What this task involves :: Your answer must be an exact copy of the lines from the one containing "- Kolory farb" through the last line of the records below, with no pictures; please include nothing else.

Collected data ::

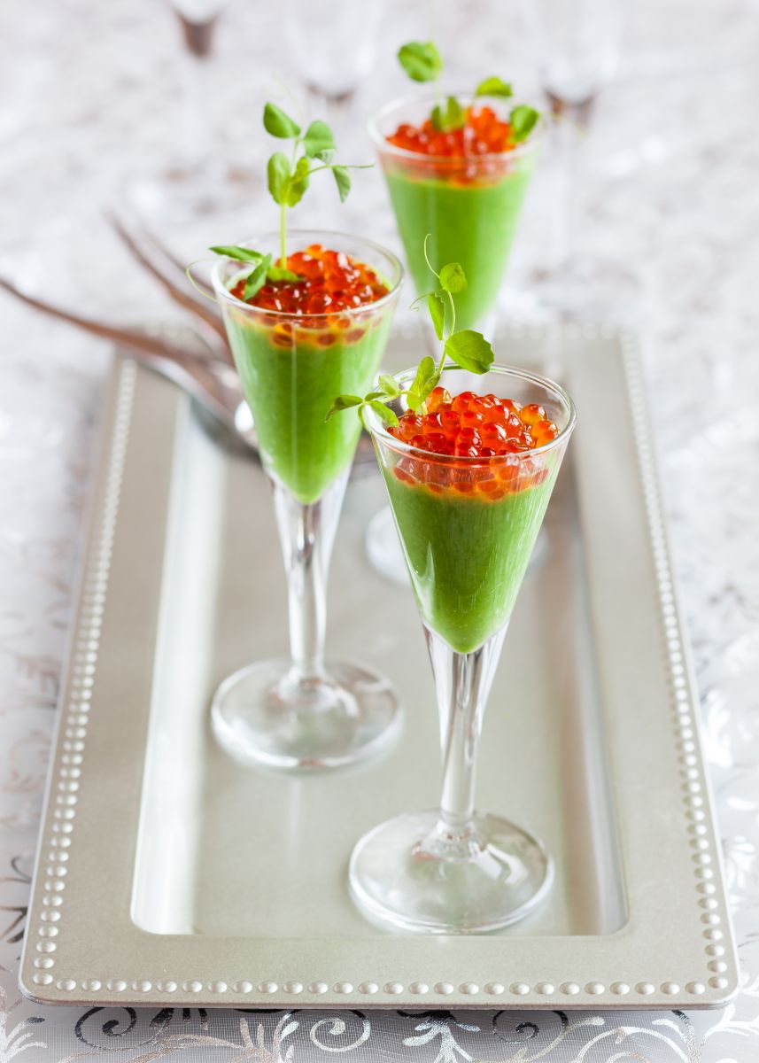 ¿Qué tal si preparas unos aperitivos en vasos de chupitos como los de la imagen de arriba? Se preparan con una crema de guisantes con aguacate acompañados de caviar de salmón.
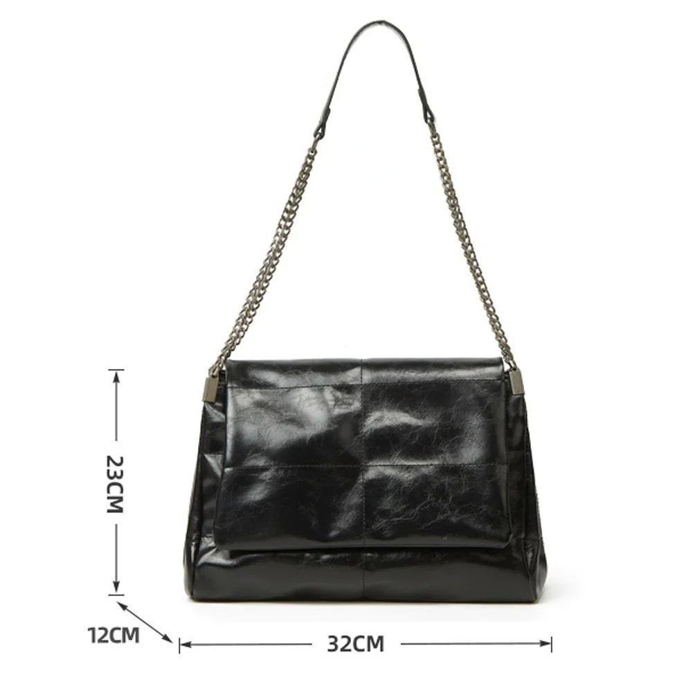 Bolsa de Ombro Feminina CHENXIAOH em PU - Grande Capacidade, Estilo Rock Preto, Bolsa com Aba e Design de Corrente para
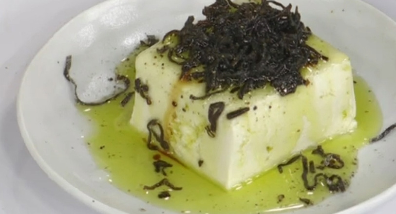 - 水気を切った木綿豆腐(150g)をお皿に盛り付け、その上にみじん切りにした塩昆布をのせます。
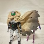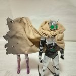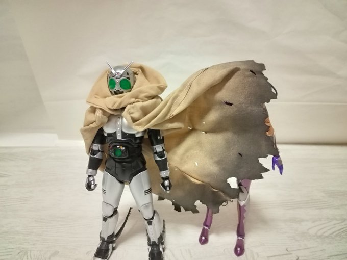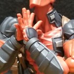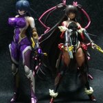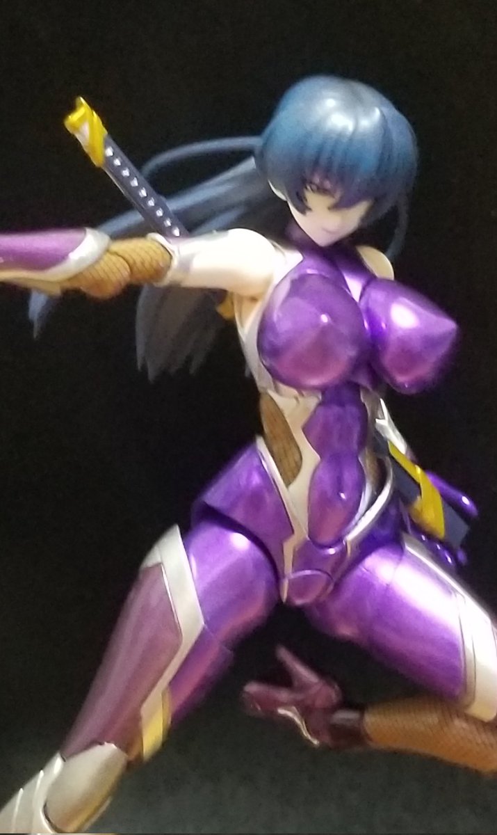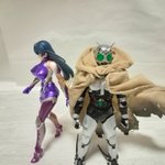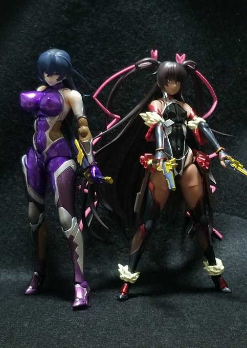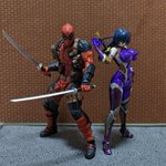 #夜のフィギュア撮影会 お題『フリー』 身構えるアサギとデッドプール。 アサギ「貴方日本刀も使うのね、しかも二刀流。」 デップー「そうよ、本気になった俺ちゃんは“MUSASHI MIYAMOTO”より強いぜ❗」 #デッドプール #対魔忍アサギ
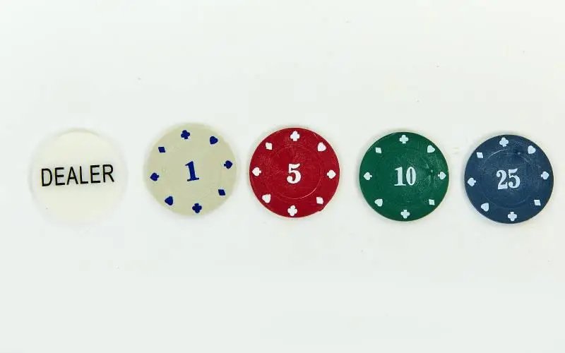 100 фішок з номіналом 1, 5, 10, 25Фишка дилера
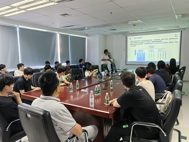事業(yè)部首先對公司的研發(fā)領(lǐng)域及取得的重要成果進(jìn)行了介紹,并系統(tǒng)講解了固態(tài)儲氫技術(shù)的原理,及其面向新能源汽車、分布式能源站等場景的應(yīng)用潛力和當(dāng)前產(chǎn)業(yè)化面臨的挑戰(zhàn)。隨后,開展電解水制氫技術(shù)的專題講解,詳細(xì)介紹了該領(lǐng)域的技術(shù)路線、關(guān)鍵材料系統(tǒng)效率以及成本構(gòu)成。最后,組織同學(xué)們參觀了測試裝置實(shí)驗(yàn)室和制氫實(shí)驗(yàn)室,詳細(xì)講解電解槽測試平臺、制氫系統(tǒng)裝置等各類實(shí)驗(yàn)裝置的作用。
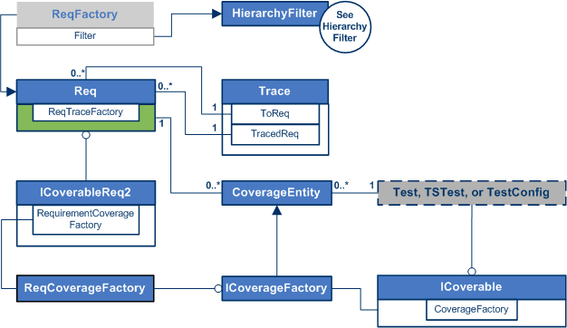 Requirements can be linked to the tests and test instances that are designed to verify that the requirement has been met. The CoverageEntity object links the requirement to the other entity.
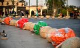 Permen raksasa menghiasai kawasan Titik Nol Kilometer Yogyakarta, Senin (16/10/2023). Berbagai patung atau instalasi seni akan dijumpai di berbagai titik Jalan Malioboro hingga Titik Nol Kilometer Yogyakarta dalam rangka Jogja Street Sclupture Project (JSSP) 2023. Pada pameran patung luar ruangan terbesar di Indonesia JSSP ke-5 ini mengangkat tema Ruwat Gatra Rasa. Pameran ini diadakan sebagai salah satu cara merayakan Sumbu Filosofis Yogyakarta sebagai Warisan Budaya UNESCO. Pengunjung dapat menikmati hiburan tambahan aneka bentuk patung hingga 28 Oktober mendatang di Malioboro. (FOTO : Republika/Wihdan Hidayat)
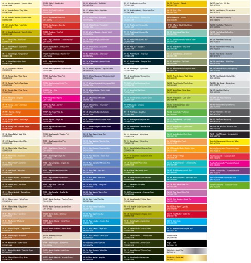 - Kolory farb można wybrać z zamieszczonej karty i wybrać dowolną kombinację.
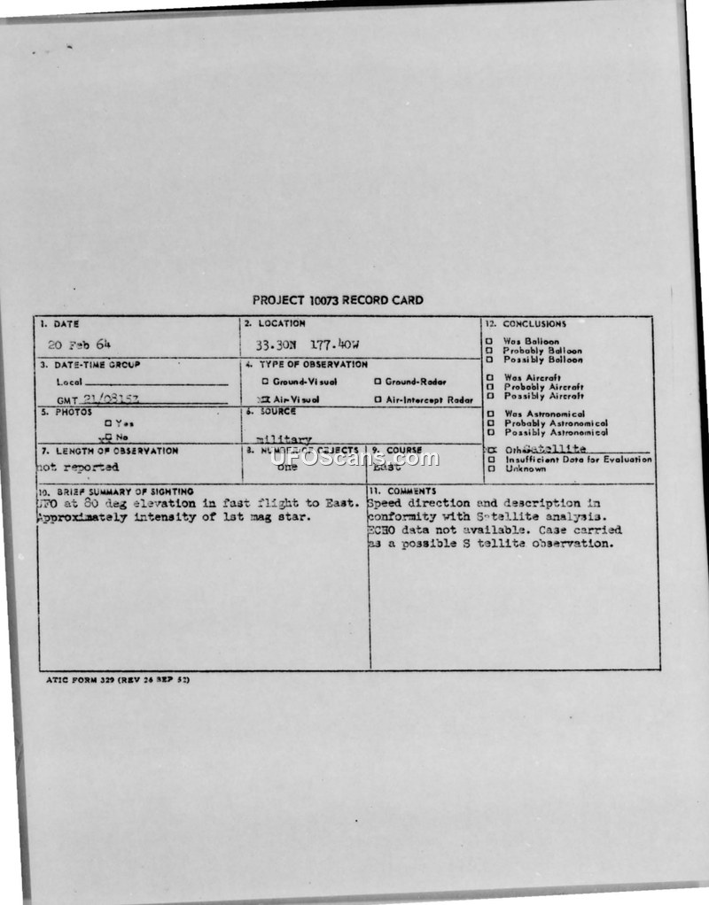 On February 20, 1964, at 210815Z, three observers aboard a Navy EC121K aircraft (Navy 43207) reported a UFO sighting at coordinates 33.30N 177.40W. The object was observed at an 80-degree elevation, moving in an easterly direction at a very high speed. The observers estimated the intensity of the object to be that of a first-magnitude star. The incident was reported via a CIRVIS report under JANAP 146D protocols. The sighting was subsequently documented on a Project 10073 record card. Official evaluation of the event concluded that the object was a possible satellite, noting that the speed, direction, and description were in conformity with satellite analysis. It was further noted that ECHO data was not available for the case. The report was distributed to various military commands, including CINCPAC, CINCNORAD, and the CIA.
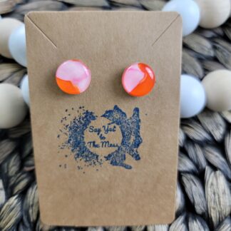 One-of-a-kind alcohol ink earrings featuring pink and orange, finished with high quality resin on both sides.
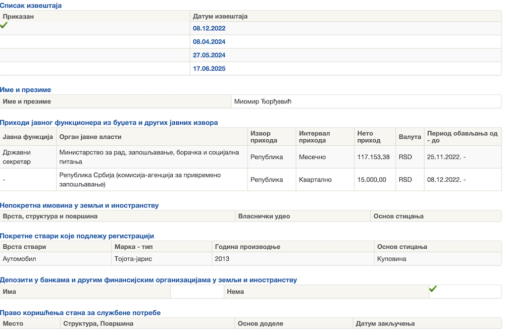 Ako se pogledaju njegove ranije prijave imovine, praktično je od decembra 2022. kao javni funkcioner prijavljivao to isto.

Solution to the problem ::
 - Kolory farb można wybrać z zamieszczonej karty i wybrać dowolną kombinację.
 On February 20, 1964, at 210815Z, three observers aboard a Navy EC121K aircraft (Navy 43207) reported a UFO sighting at coordinates 33.30N 177.40W. The object was observed at an 80-degree elevation, moving in an easterly direction at a very high speed. The observers estimated the intensity of the object to be that of a first-magnitude star. The incident was reported via a CIRVIS report under JANAP 146D protocols. The sighting was subsequently documented on a Project 10073 record card. Official evaluation of the event concluded that the object was a possible satellite, noting that the speed, direction, and description were in conformity with satellite analysis. It was further noted that ECHO data was not available for the case. The report was distributed to various military commands, including CINCPAC, CINCNORAD, and the CIA.
 One-of-a-kind alcohol ink earrings featuring pink and orange, finished with high quality resin on both sides.
 Ako se pogledaju njegove ranije prijave imovine, praktično je od decembra 2022. kao javni funkcioner prijavljivao to isto.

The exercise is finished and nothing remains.